+ 4
Else statement not running
Does anyone know how to fix an error that happens when the input is a string? I want that input to trigger the else statement! Thanks! https://code.sololearn.com/c6819kF6kQuY/?ref=app
7 ответов
+ 5
Because when you are getting the input with nextInt the compiler always expect a number, and as such if you give a string an error will occur. I suggest you get the number as string then convert it to integer to compare it with the 18.
+ 3
use this to check for integer input
if(KeyBd. hasNextInt() ) {
input = KeyBd. nextInt() ;
} else {
System.out.println("your message" ) ;
}
0
You are storing the variable as int, so you can't store in it string.
0
Int input = ...nextInt() --> you have to input a number.

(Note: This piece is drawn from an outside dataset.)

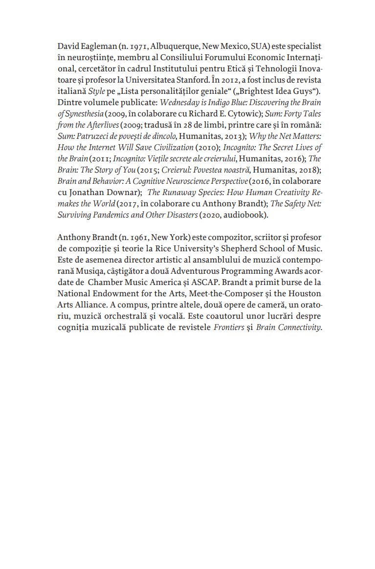 Împletind artele și științele, specialistul în neuroștiințe David Eagleman și compozitorul Anthony Brandt explorează nevoia de noutate, simularea viitorurilor posibile și componentele sociale care animă inventivitatea speciei noastre. Antrenându-ne într-un tur al creativității umane, de la Picasso la mașinile-concept și călătoriile pe Lună, Brandt și Eagleman examinează software-ul cognitiv care generează noi idei și aruncă o lumină asupra aspectelor esențiale ale mentalității creative. Atunci când înțelegem capacitatea noastră de a inova, putem face față provocării de a remodela lumea în care trăim, și care e în permanentă schimbare. Cei doi autori explică puterea speciei umane de a prefigura și construi viitorul, căutând sursele creativității, trăsăturile comune ale actelor creative și modalitățile prin care le-am putea folosi pentru a ne îmbunătăți viața cotidiană, sistemul școlar și instituțiile.
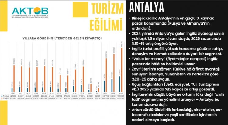 Kavaloğlu, Birleşik Krallık’ın Antalya için en güçlü üçüncü kaynak pazar olduğunu hatırlatarak, 2024 yılında yaklaşık 1,5 milyon İngiliz turistin Antalya’yı ziyaret ettiğini açıkladı. 2025 sezonunda bu sayının %10–15 oranında artmasının öngörüldüğünü belirtti.

String input = ...nextLine () --> input a String
But in your case I would use try/catch.
int input = 0;
try {
input = keyBd.nextInt ();
} catch (Exception e){
System.out.println ("I'm sorry, I did not unterstand that!")
System.exit (0);
}
The Scanner expects an int number, if not you would get an error. But the code will catch this error (outprint: I did unterstand...) and exit the program.
Edit: https://www.sololearn.com/learn/Java/2175/
0
Yogesh But your program don't solve the problem if the input is String.
0
Норм
0
Норм делаем программу